Anyone who knows where these flags come from?


----------



## Dartskipper

The pennant displaying St George is typical of a flag flown by a small excursion vessel. There was such a vessel that was originally built as Gondolier Princess by J. Bolson of Poole in 1935.

http://www.nationalhistoricships.org.uk/register/1413/st-george


----------



## Bredo

Thanks. That is strange. These flags were found in an old harbour warehouse in the Faroe Islands. The Sc. George is 3-4 meters. Must have been flown by I bigger vessel, I guess.


----------



## Laurie Ridyard

There is a H.K. company called Wan Hai Linesbut their House Flag is awhite with a black W.
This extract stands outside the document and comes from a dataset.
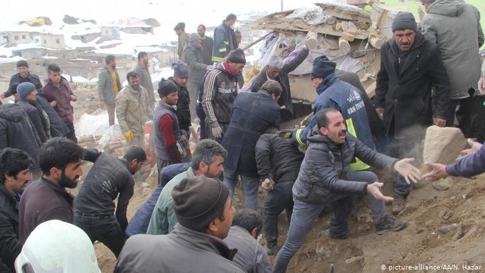 The Turkish TV footage showed people digging through rubble with shovels as well as crumbled exterior walls of homes, cracks in roads and residents outside in the snow.

Perhaps it is an older version of their house flag.

Try Emailing them....

Laurie.


----------



## Bredo

Thanks, but very unlikely that a flag from them has found its way to a old Faroese harour warehouse. On Facebook somebody mentioned Wilson Humber Lines, but I can't find anything on that company.


----------



## kevhogg

wilson Hall line


----------



## Hugh MacLean

kevhogg said:


> wilson Hall line


There was no such shipping company. There was Ellerman Wilson and Ellerman Hall but not Wilson Hall.

Regards
Hugh


----------



## Bredo

But there was The Wilson Lines of Hull as I understand.


----------



## Bill.B

Spurs supporters. White Hart lane!


----------



## Hugh MacLean

Bredo said:


> But there was The Wilson Lines of Hull as I understand.


Yes, in 1916 The Wilson Line was bought by J.R. Ellerman and became Ellerman's Wilson Line Ltd in 1917 although it traded as a separate entity with its own distinctive livery of red funnel with a black top and most of the vessels had dark green hulls. This was a complete contrast to the buff funnels with a black top and white dividing line used by the grey hulled Ellerman Lines' vessels.

Regards
Hugh


----------



## howardang

Bredo said:


> Thanks, but very unlikely that a flag from them has found its way to a old Faroese harour warehouse. On Facebook somebody mentioned Wilson Humber Lines, but I can't find anything on that company.


I think they may be thinking of Associated Humber Line (AHL).

I seem to remember that some coastal sailing trading vessels had pennants like these as did some fishing vessels.

Howard


----------